Atheros, another world leader in manufacturing wireless communication chipsets, was catching up with Broadcom by releasing the xspaN AR5008. Unlike Broadcom’s, this chipset may contain a lot of different chips because each interface and antenna configuration is supported by a separate chip. Thus, the following versions of the chipset are available: AR5008-2NG, AR5008-2NX, AR5008-3NG, AR5008-3NX, AR5008E-2NG, AR5008E-2NX, AR5008E-3NG, and AR5008E-3NX. These versions are combinations of a total of six chips. The letter E in the first part of the marking denotes the AR5418 MAC-controller that supports a miniPCI Express interface. Otherwise, the AR5416 with a miniPCI/CardBus interface is employed. The digits 2 and 3 in the second part of the marking stand for an RF module with two (AR2122 and AR5122) or three (AR2133 and AR5133) antennas, respectively. The letter G at the end means that the RF module works in the 2.4GHz range only (AR2122 and AR2133) whereas the letter X means both 2.4GHz and 5GHz ranges (AR5122 and AR5133). We won’t publish the specification of the xspaN chipset because its versions are very similar and the parameters of one of them will be reflected in the specification of the WRT300N router.
Marvell has released its TopDog chipset, too, but there’s little information about it yet. It consists of an 88W8360 MAC-controller and an 88W8060 RF module that supports both 2.5GHz and 5GHz ranges.

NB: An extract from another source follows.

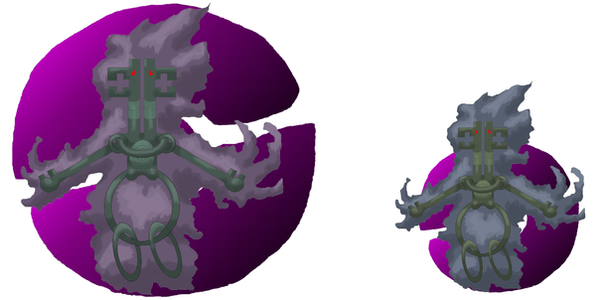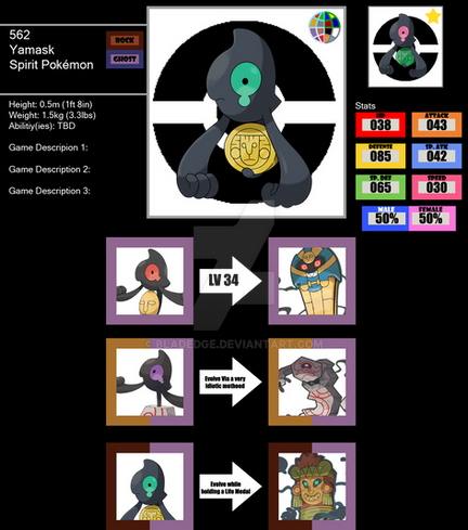 Mashi, a good and evil Spirit mask pokemon. Both sides of the mask are in constant prayer, trying to win the sprit's body for themself. Dependance on how a trainer helps and trains this pokemon ultimatley decides which side of the mask wins.

The AGN400 chipset that is expected to arrive in the first quarter of 2007 has been announced by Qualcomm that has recently acquired the assets of Airgo Networks Inc. This chipset consists of an AGN403BB MAC-controller and an AGN403RF RF module and features True MIMO Gen-N technology. Here’s its specification taken from the manufacturer’s product brief:
PCIe 1.1, CardBus (PC Card 7.1), MiniPCI 1.0 , PCI 2.2, USB 2.0,
Frequency Band 2.400 - 2.485 GHz
4.920 - 5.825 GHz
Network Standard IEEE 802.11n, IEEE 802.11a, IEEE 802.11b, IEEE 802.11g
Orthogonal Frequency Division Multiplexing: BPSK, QPSK, 16 and 64 QAM
Direct Sequence Spread Spectrum: DBPSK, DQPSK, CCK
802.11b: 1 - 11 Mbps
802.11a: 6 - 54 Mbps
802.11g: 1 - 54 Mbps
802.11n: 24 -144 Mbps (20 MHz channel)
48 - 315 Mbps (40 MHz channel)
AGN403BB ™ Single-chip CMOS integrated MAC and baseband
AGN403RF ™ Single-chip SiGe 2.4/5 GHz transceiver
Encryption / Decryption
• 64 bit WEP
• 128 bit WEP
• CCMP (AES)
QUALITY OF SERVICE
802.11e, WMM & WMM-SA
And finally we can’t but acknowledge Intel’s having played an active part in promoting the new standard, too. The company has released a miniPCI Express adapter Next-Gen 4965AGN which will be installed into Intel Centrino Duo notebooks.